HaraliCU The CUDA-based version of the Haralick feature extraction, employed in our pipeline, was tested against a CPU version coded in C++, which resulted extremely efficient with respect to the MATLAB version, based on the
graycomatrix
and
graycoprops
functions, to extract Haralick features on brain metastasis MR images [
42]. As a matter of fact, by varying the grayscale range from
\(2^4\) to
\(2^9\) levels, we achieved speed-up values around
\(50\times \) and
\(200\times \), respectively.
The GPU version of HaraliCU was executed on an NVIDIA GeForce GTX Titan X (3072 cores, clock 1.075 GHz, 12 GB of RAM), CUDA toolkit version 8 (driver 387.26), running on a workstation with Ubuntu 16.04 LTS, equipped with a CPU Intel Core i\(7-2600\) (clock 3.4 GHz) and 8 GB of RAM. The CPU version was run on the same workstation, relying upon the computational power provided by the CPU Intel Core i\(7-2600\). The CPU version was compiled by using the GNU C++ compiler (version 5.4.0) with optimization flag -O3
, while the GPU version was compiled with the CUDA Toolkit 8 by exploiting the optimization flag -O3
for both CPU and GPU codes.
In order to collect statistically sound results and take into consideration the variability and heterogeneity typically characterizing medical images, we randomly selected 30 images from 3 different patients (10 per patient) affected by brain metastases and 30 images from 3 different patients affected by ovarian cancer. We tested both the CPU and GPU versions by considering various window sizes, that is, \(\omega \in \{3, 7, 11, 15, 19, 23, 27, 31\}\), as well as two different intensity levels (i.e., \(2^8\) and \(2^{16}\)). For each combination of \(\omega \) and intensity levels, we also enabled and disabled the GLCM symmetry to evaluate how the symmetry affects the running time.

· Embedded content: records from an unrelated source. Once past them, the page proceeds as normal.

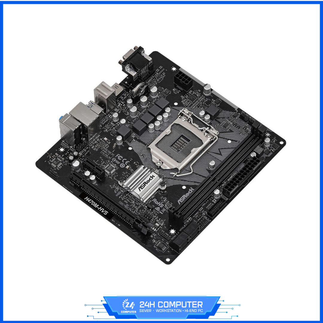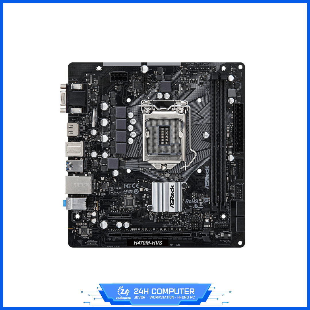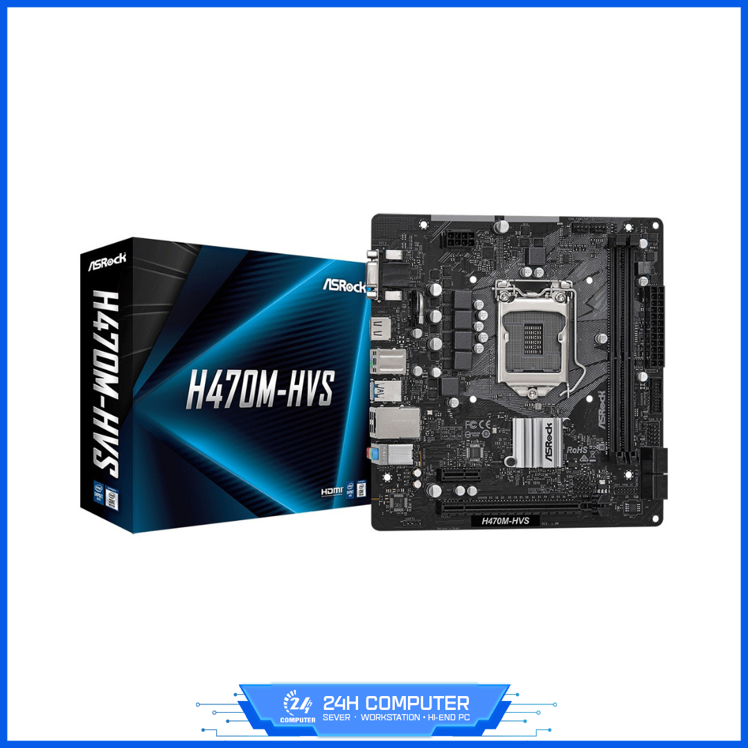 ASRock H470M-HVS là bo mạch chủ kích thước Micro-ATX (244 × 244 mm) dựa trên chipset Intel H470, được thiết kế cho bộ xử lý Intel Core thế hệ 10 (Comet Lake) sử dụng socket LGA1200. Sản phẩm đáp ứng nhu cầu đa dạng từ máy tính văn phòng, HTPC, streaming, đến gaming tầm trung và workstation nhỏ gọn cần ưu tiên hiệu năng và độ ổn định cao. Với khả năng mở rộng lưu trữ NVMe và truyền dữ liệu nhanh, H470M-HVS mang đến nền tảng vững chắc cho mọi cấu hình.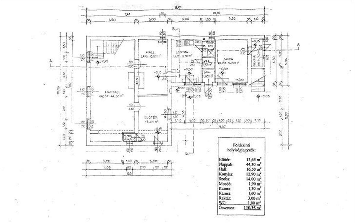 Földszint: Előszoba, hall, nappali, konyha + étkező, kádas fürdőszoba, 2 wc, 2 kamra, előtér, raktár.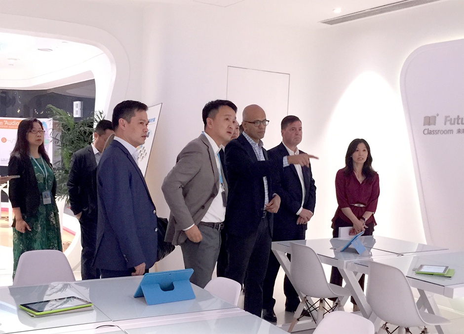 11月2日,微软CEO萨提亚?纳德拉一行(微软公司资深副总裁、微软大中华区董事长兼首席执行官柯睿杰,副总裁Peter Han,CEO办公室公关主管Caitlin McCabe,ODM销售团队总监 Cindy Wu)在集团董事长刘志雄的陪同下参观了由深圳市科创委和三诺集团联手打造的深圳智慧生活创想馆。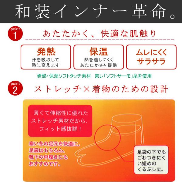 他の画像を見る 東レ ソフトサーモ糸使用 温か足袋インナー 和装インナー ヒート+ふぃっと ストレッチ足袋インナー(Mサイズ/Lサイズ)【メール便対応不可】 東レ ソフトサーモ糸使用 温か足袋インナー<R> きもの町価格 ¥ 715 税込 カートに入れる お気に入りに登録する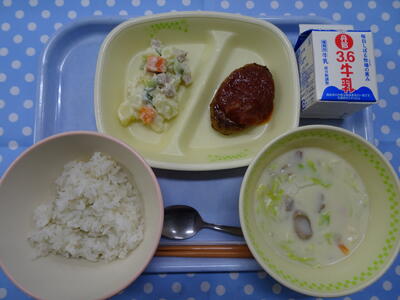 麦入りご飯・牛乳・ハンバーグ・トマトソース・マセドアンサラダ・春キャベツのクリームスープ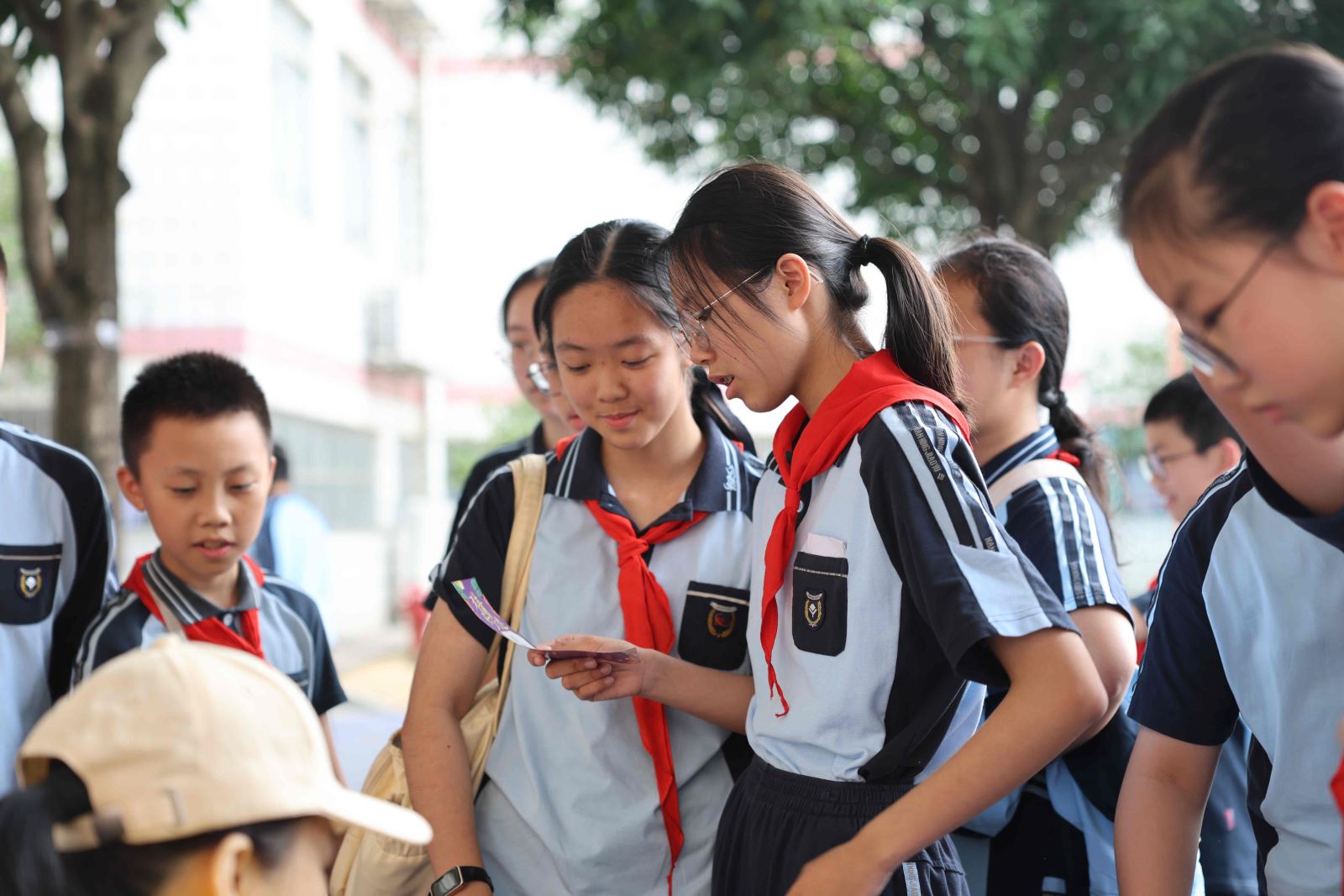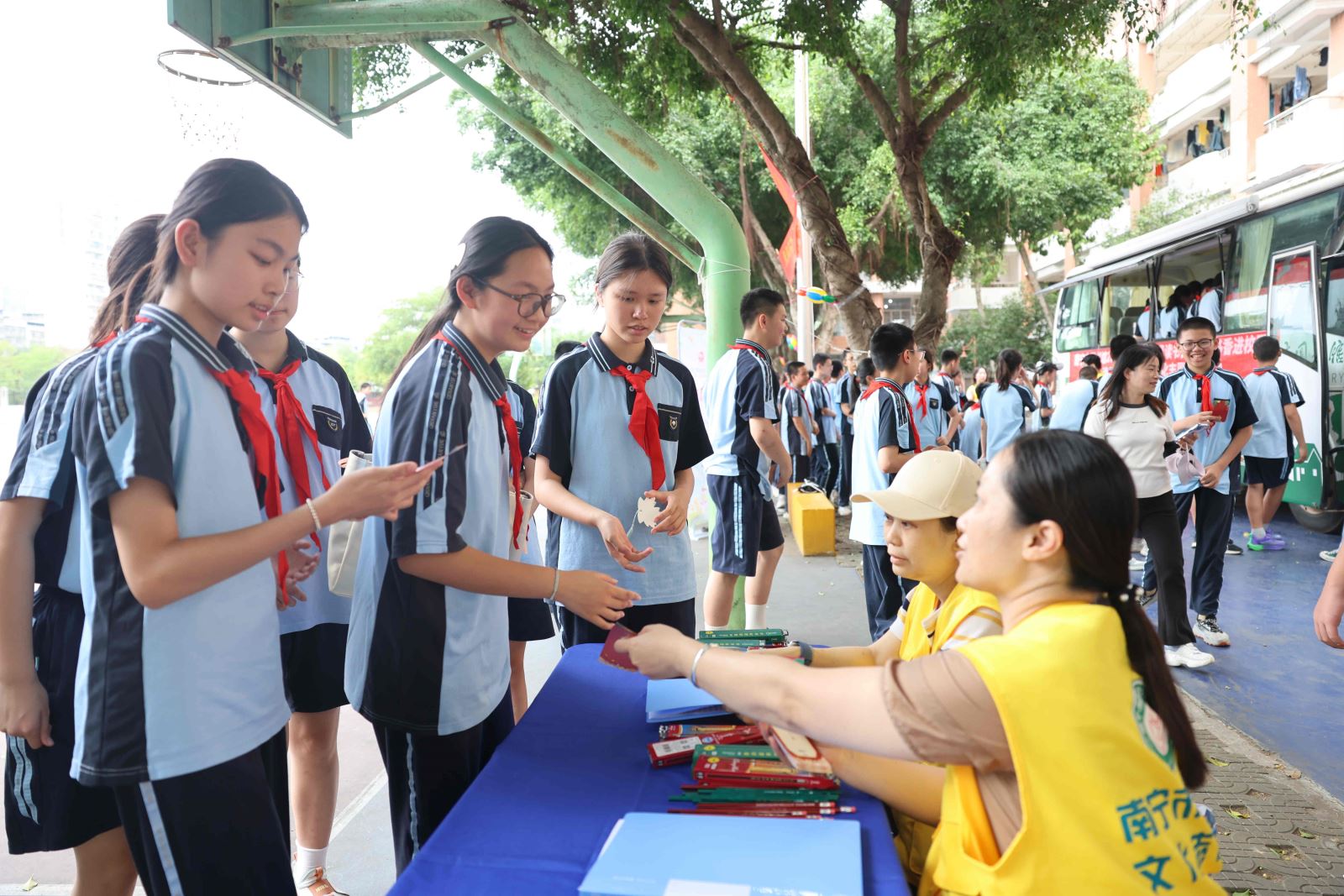 在大巴旁,志愿服务队的老师们还准备了VR虚拟阅读体验,现场的同学对这些新奇设备表现出浓厚兴趣,即便排着长队也要争相体验,体验结束后还与排队中的同学分享感受,勾起大家强烈的好奇心。另一群同学则是对树荫下的灯谜知识有奖竞答更感兴趣,他们领取谜面后迅速进行头脑风暴,抽到高难度题目的同学也不甘示弱,积极请教身边的同学,直到对出正确答案后才露出满意的微笑。

The speed-up achieved by HaraliCU considering only
\(2^8\) intensity levels increases almost linearly up to
\(\omega = 19\) (data not shown, see [
42] for details); by disabling the GLCM symmetry and using
\(\omega = 31\), we obtained the highest speed-ups of
\(12.74\times \) and
\(12.71\times \) on brain metastasis (
\(256\times 256\) pixels) and ovarian cancer images (
\(512\times 512\) pixels), respectively. When the full dynamics of the grayscale levels (i.e.,
\(2^{16}\)) is considered, HaraliCU outperforms the sequential counterpart, achieving speed-ups up to
\(15.80\times \) with
\(\omega =31\) and
\(19.50\times \) with
\(\omega =23\), on brain metastasis and ovarian cancer images, respectively. Taking into account ovarian cancer images, when
\(\omega \) is greater than 23 pixels, the speed-up decreases for two reasons. First, since a thread is launched for each pixel, it must consider more neighbor pixels that might have very different gray-level intensities. This corresponds with increasing the required workload that each thread must perform; however, considering that the GPU cores have a lower clock frequency than the CPU cores, the speed-up is clearly reduced. Second, the GPU resources are saturated as the GLCM size associated with each thread may increase due to the high full-dynamic range. In this specific situation, the total GLCM size might overwhelm the capacity of the global memory and some threads might handle different pixels, thus computing the corresponding Haralick features in a sequential way.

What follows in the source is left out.